- Theatrical release poster
- Directed by: Anil Lal
- Written by: Anil Lal
- Produced by: Anup Mohan; Ashlin Mary Joy; Lijo Ulahannan;
- Starring: Dhyan Sreenivasan; Kendy Zirdo; Jaffar Idukki;
- Cinematography: Santhosh Anima
- Edited by: Ranjan Abraham
- Music by: Sooraj Santhosh; Varkey;
- Production company: Presidential Movies International Pvt. Ltd.
- Distributed by: Crescent Release
- Release date: 8 December 2023;
- Running time: 122 minutes
- Country: India
- Language: Malayalam

= Cheena Trophy =

2023 Indian film by Anil Lal

Cheena Trophy is a 2023 Indian Malayalam-language comedy-drama film written and directed by Anil Lal in his directorial debut.

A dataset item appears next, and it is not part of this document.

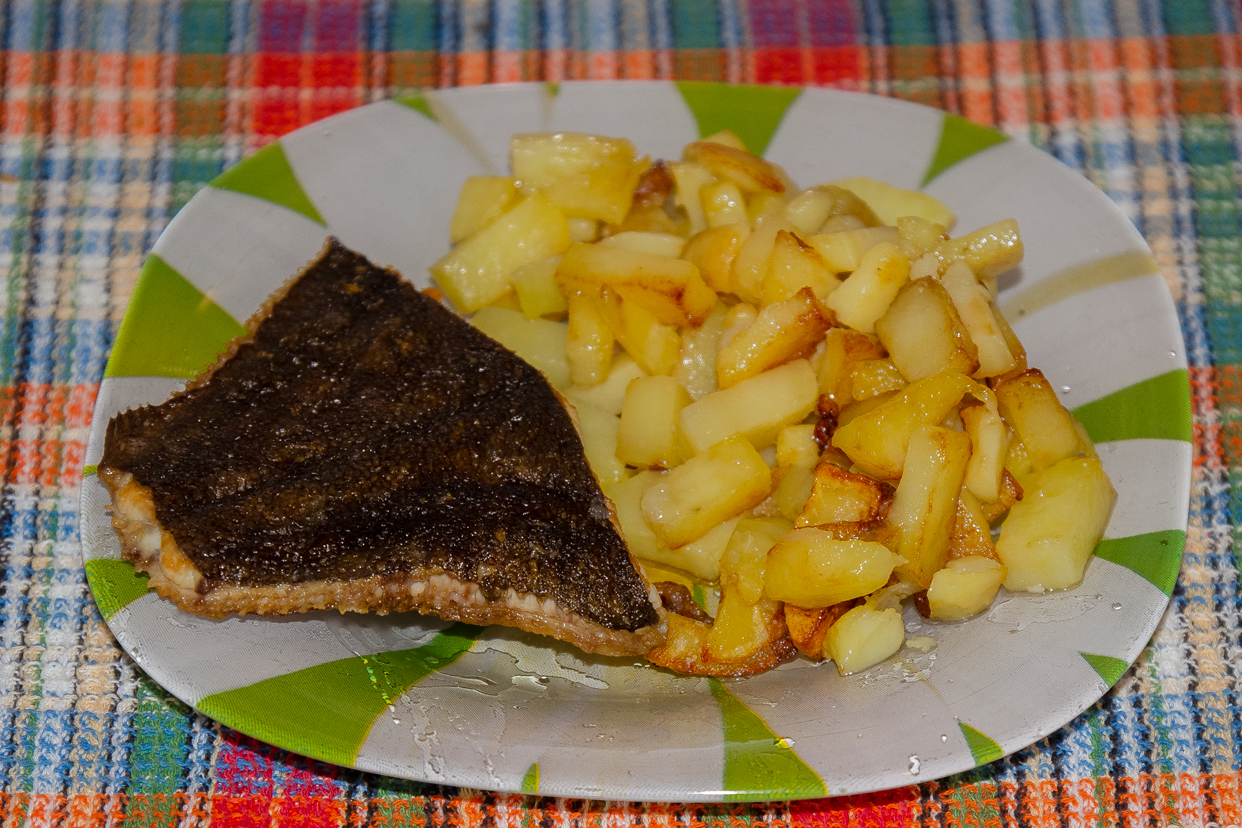 1,2 кг свежей камбалы очистить, вытащить внутренности, снять с обеих сторон кожу, посолить, дать полежать так около часа, обвалять просто в муке или в яйце и тертой булке, а потом в масле и тертой булке пополам с мукой, поджарить с обеих сторон в 4 ст. ложках масла.

The film stars Dhyan Sreenivasan, alongside Kendy Zirdo, Jaffar Idukki, Devika Ramesh (in her debut film), Johny Antony, K. P. A. C. Leela and Sudheesh.

== Cast ==
- Dhyan Sreenivasan as Rajesh
- Kendy Zirdo as Sheng
- Jaffar Idukki as Vijayan
- Devika Ramesh as Theresa
- Usha as Usha
- Johny Antony as Pavithran Sakhavu
- KPAC Leela as Powlin/Vallyammachi
- Sudheesh as Das
- Varada as Raji
- Bittu Thomas as Reji
- Sijo as Shafi
- Jordi Poonjar as Police Sub Inspector
- Sunil Babu as Thampi
- Lali as Mary
- Ponnamma Babu as Lalitha
- Chef Pillai as cameo role
- Narayanankutty as Astrologer Shibu
- Umesh S Nair as Bank Manager

== Production ==
Cheena Trophy marks the directorial debut of Anil Lal. The film is jointly produced by Anup Mohan, Ashlin Mary Joy and Lijo Ulahannan under the banner of Presidential Movies Private Limited.

== Music ==
The music is composed by Sooraj Santhosh and Varkey. The audio rights were acquired by Manorama Music. The first song titled "Sanchari" was released on 14 October 2023, sung by Arackal Nandakumar and written by Anil Lal. Ashtaman Pillai, a visually-challenged musician, made his debut as a playback singer with the song titled "Choodarum".

== Release ==
Cheena Trophy was initially planned to release on 6 October 2023, but was postponed and released in theatres on 8 December 2023.